Transforming our high streets
High streets are dangerous places to be at the moment – at least if you are a retailer. They were under pressure from the growth of online shopping even before the pandemic, but over the past year it has been carnage in terms of shop closures. Household names such as Oasis, Debenhams and Carphone Warehouse and many others are disappearing from our high streets forever.
The downturn in high street retailing is having a huge impact on the nature of city and town centres as the number of empty properties multiply. As result, many of these areas have a growing feeling of long-term decay.
But while the picture looks bleak now, the decline of retail is allowing local authorities to rethink what high streets might become in the future. Predictably, the answer is not more retail.
Many of those leading the transformation of high streets are looking to create an environment that is less reliant on retail but has a wider mix of uses, where people can live, work, relax, learn and be entertained as well as buy things.
Museums and galleries offer a number of these services and therefore have the opportunity to play an important role in revitalising our high streets.
Like many UK cities, Derby has seen a huge increase in empty retail units in recent years, including the recent confirmation that its Debenhams department store will close. The Derby City Centre Masterplan 2030 sets out the council’s strategy to regenerate the city centre. The aim is leverage £3.5bn in investment, create 4,000 new jobs and deliver 1,900 new homes.
One of the significant projects mentioned by the council as part of the masterplan is converting the Silk Mill into the Museum of Making.
Tony Butler, executive director of Derby Museums, which is developing the £17m scheme, has found that those involved in planning the transformation of city centres in Derby and elsewhere are taking the role of culture much more seriously.
“There has been quite a sea-change in the way that those shaping the future of city centres such as councils are thinking about high streets and Covid has transformed this further,” Butler says. “What is interesting is that they are coming to us, which used to be unusual, as before we spent often time trying to bash down the door and make ourselves heard.”

The Museum of Making is due to open this spring, Covid restrictions permitting. Butler says the project has become the inspiration for City Makers, a scheme to make Derby a place where makers, artists, designers and those in creative digital businesses can thrive, while pumping life back into the high street. Like the museum itself, the initiative draws on Derby’s rich manufacturing heritage.

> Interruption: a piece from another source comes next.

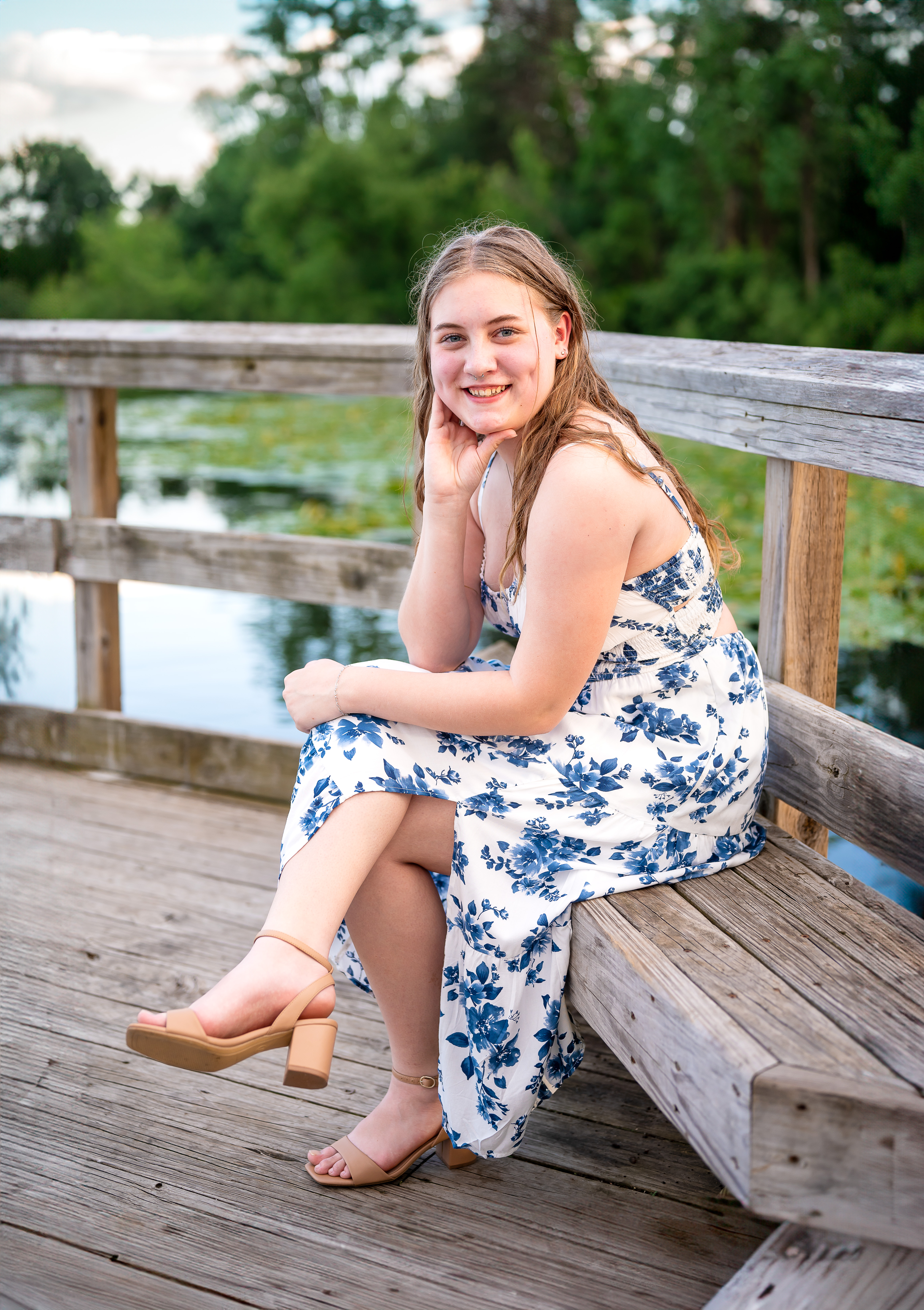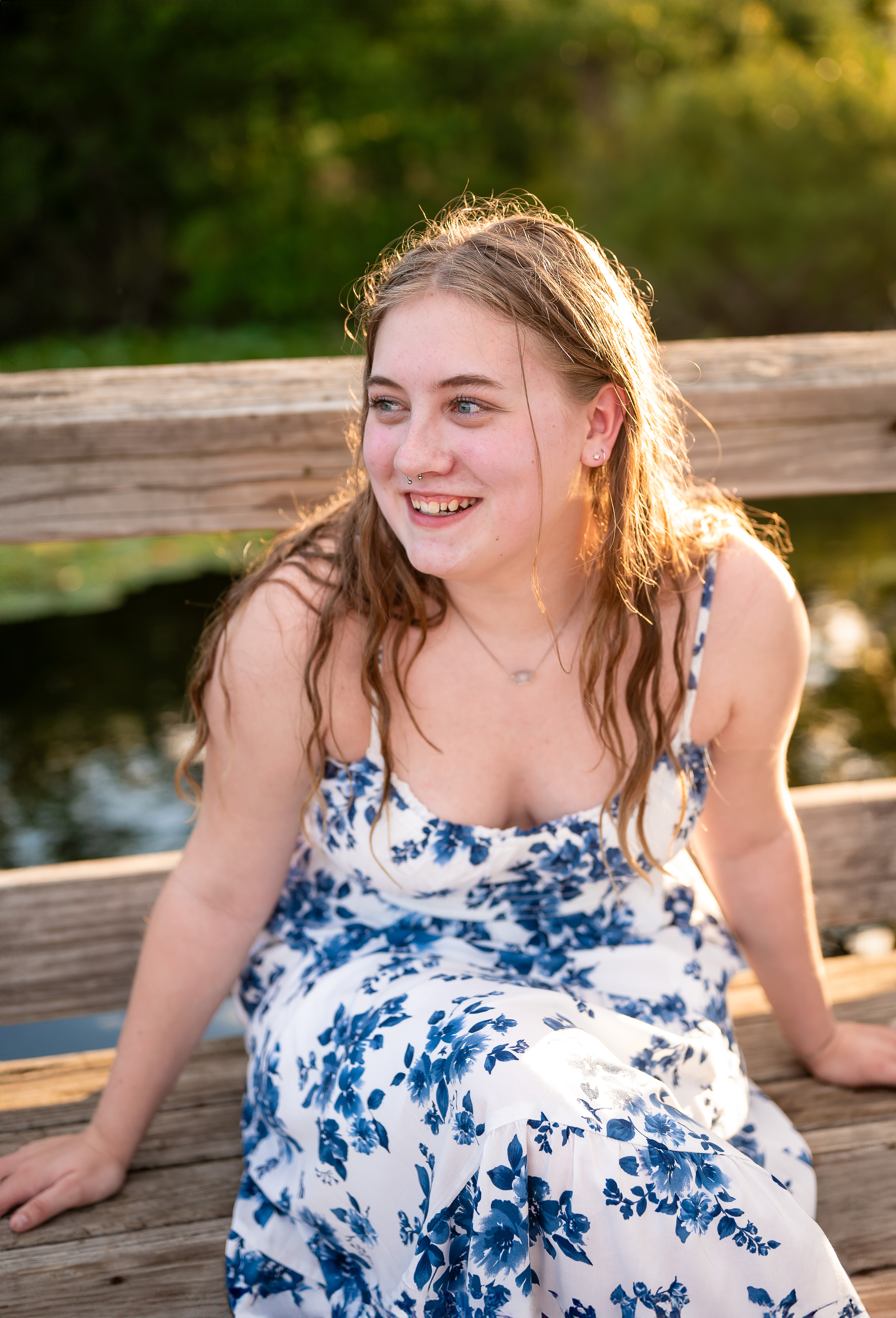 CeCe arrived dressed for summer in a stylish, flowy sundress adorned with vibrant colors that echoed the lush greenery around her. The lightweight fabric danced with the breeze, perfectly complementing the carefree spirit of summer. She paired the dress with cute sandals and delicate accessories, striking the right balance between casual and chic. I always encourage seniors to choose outfits that make them feel comfortable and confident, and Brook’s choice was spot on! I also loved the 90’s vibe she brought with her other outfits, including pink colored Chucks!

“To keep people in the city centre you really need a strong cultural offer,” Butler says. “City centres have been really transactional – you come in, do your shopping, go to the cinema and then leave. The trick now is making these appealing places to live.”
Pop-ups and museum stores
Museums all over the UK have already been involved in projects to help bring high streets back to life. This has often involved taking over vacant retail units with pop-up exhibitions, which has also had the advantage of helping museums reach new audiences. In other cases, such as the Migration Museum in south-east London and the Prescot Museum in north-west England, museums have taken up permanent homes in shopping centres.
There have also been some innovative larger-scale projects, including The Secret Collection, the first publicly-accessible museum store on a UK high street. This £3.7m facility opened to the public in early 2018 and houses tens of thousands of items from Renfrewshire’s museum collections. The project is part of a wider plan to use the Paisley cultural assets to revitalise the town, including the £42m redevelopment of the museum.
Another example is Tŷ Pawb (Everybody’s House) in Wrexham, north Wales. This combines an arts space that is designed to work not just alongside, but with, community, educational and commercial spaces. The £4.3m project was completed in 2018 for Wrexham County Borough Council and Arts Council of Wales.
Plans to revamp high streets in England have backing through the £95m High Streets Heritage Action Zone initiative, which is working across 68 English areas. This scheme is led by Historic England and is funded with £40m from the Department for Digital, Culture Media and Sport’s Heritage High Street Fund, £52m from the Ministry of Housing, Communities and Local Government’s Future High Streets Fund, and £3m from the Heritage Fund.
The £7.4m Cultural Programme is part of initiative and Historic England recently launched some of the activities that form part of the plan. It is being run in partnership with Arts Council England and the National Lottery Heritage Fund. The four-year initiative will feature digital and physical artworks that aim to make high streets more attractive, engaging and vibrant places for people to live, work and spend time.
“Historic England is taking a unique approach in combining cultural programming, community engagement and physical regeneration to transform high streets across England,” says Ellen Harrison, the head of creative programmes and campaigns at Historic England. “The cultural programme’s aim is for artists to work with local people to help them rediscover and express the pride they have in the places they’re from.”
There are lots of opportunities for museums to help reimagine our high streets but such major transformations are rarely straightforward. Converting retail interiors that were built for a specific purpose is not always easy, and the planning system adds complexity as well. There are also lots of different stakeholders on high streets, sometimes with competing interests.
Nevertheless, many in the museum sector are looking forward to the role they might play in high street regeneration.
“At a moment when many towns and cities are looking to the future, museums have a role to play in building the value and impact of culture into local strategies and development plans,” says Sam Astill, the head of museums at the South West Heritage Trust.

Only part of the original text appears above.